Double descent is a phenomenon of over-parameterized statistical models such as deep neural networks which have a re-descending property in their risk function. As the complexity of the model increases, risk exhibits a U-shaped region due to the traditional bias-variance trade-off, then as the number of parameters equals the number of observations and the model becomes one of interpolation where the risk can be unbounded and finally, in the over-parameterized region, it re-descends -- the double descent effect. Our goal is to show that this has a natural Bayesian interpretation. We also show that this is not in conflict with the traditional Occam's razor -- simpler models are preferred to complex ones, all else being equal. Our theoretical foundations use Bayesian model selection, the Dickey-Savage density ratio, and connect generalized ridge regression and global-local shrinkage methods with double descent. We illustrate our approach for high dimensional neural networks and provide detailed treatments of infinite Gaussian means models and non-parametric regression. Finally, we conclude with directions for future research.
Double descent is a re-descent phenomenon exhibited in the risk function of overparameterized statistical models (such as deep neural networks). As model complexity increases, the risk function exhibits a U-shaped region due to the traditional bias-variance tradeoff. When the number of parameters equals the number of observations, the model becomes an interpolating model with potentially unbounded risk. Subsequently, the risk decreases again in the overparameterized region—this is the double descent effect. This paper aims to demonstrate that this phenomenon has a natural Bayesian interpretation and prove that it does not conflict with the traditional Occam's razor principle.
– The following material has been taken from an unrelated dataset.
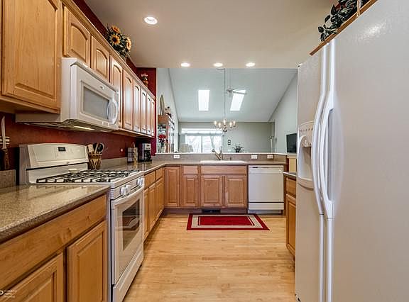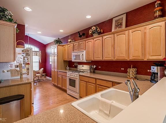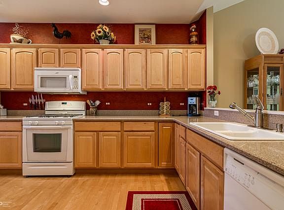 FOR THE SAFETY OF ALL, there are gloves inside the home. Please use and throw away in the provided basket as you leave. Please only use/take one pair per person. Don't miss this one! Beautiful ranch duplex is move in ready and barely lived in! You'll love the open, airy floor plan made brighter with skylights and a vaulted ceiling! The kitchen opens to the living/dining room and has loads of maple cabinets, 2 pantries and plenty of solid surface counters! There's a handy eating area with a vaulted ceiling for you, too! Wander out the slider to your patio from where you can enjoy the nice yard and trees. There's even a landscape block planter box surrounding the patio for your green thumb. The primary bedroom has a tray ceiling and private bath that has 2 sinks and a big shower with a built in seat and safety bar. The walk in closet is big enough for all your things! 2nd bedroom and BR3 (prresently den) are great. MAPLE flooring highlights most of the first floor, with ceramic tile in the baths and laundry. The huge unfinished basement is waiting for your finishing, playing or just your things! There's even a plumbing rough in for a bath. ROOF is only 3 years old! Built in surround sound in great room, electrostatic filter on furnace. Central vac, too! This home is walking distance to the park, library and Algonquin Commons with shopping, restaurants and fun! 55+ community, you'll love it! This is the largest model in the subdivision, you'll be so happy here! (Ice maker dispenser works intermittently, as is) TVs in master bedroom and kitchen stay.

The theoretical foundation employs Bayesian model selection, Dickey-Savage density ratios, and connects generalized ridge regression and global-local shrinkage methods to double descent.
Missing Bayesian Interpretation of Double Descent: The double descent phenomenon has been primarily studied from a frequentist perspective, lacking a systematic Bayesian theoretical framework
Apparent Conflict Between Occam's Razor and Double Descent: Bayesian methods favor simpler models, while double descent suggests that complex models may perform better
Insufficient Theoretical Understanding of Overparameterized Models: When the number of parameters exceeds the sample size, traditional statistical theory breaks down
Limitations of Frequentist Perspective: Existing research primarily focuses on minimum L2-norm estimators, overlooking the role of prior regularization
Failure of BIC Approximation: When p > n, Laplace approximation (BIC) performs poorly
Invalidity of Empirical Risk Bounds: For interpolators, empirical risk is zero, rendering traditional bounds meaningless
Establishes Bayesian Theoretical Framework for Double Descent: Proves that the conditional prior p(θ_M|M) is the key driver of the double descent phenomenon
Resolves Occam's Razor Paradox: Demonstrates that Bayesian Occam's razor does not conflict with the double descent phenomenon
Connects Classical Methods with Modern Techniques: Links generalized ridge regression and global-local shrinkage methods to double descent
Provides Computational Equivalence Theorem: Achieves computational equivalence of nested models through Dickey-Savage density ratios
Extends to Neural Networks: Applies the theoretical framework to high-dimensional neural network regression
Studies the behavior of risk functions in overparameterized regression models, particularly the double descent phenomenon of Bayesian risk R(M) as model complexity M varies:
Bayesian Double Descent Definition: Let R(M) = E_{y,θ|M}(θ̂_M(y) - θ)² be the conditional prior Bayesian risk of the estimator under model M. When M > n, R(M) exhibits re-descent behavior.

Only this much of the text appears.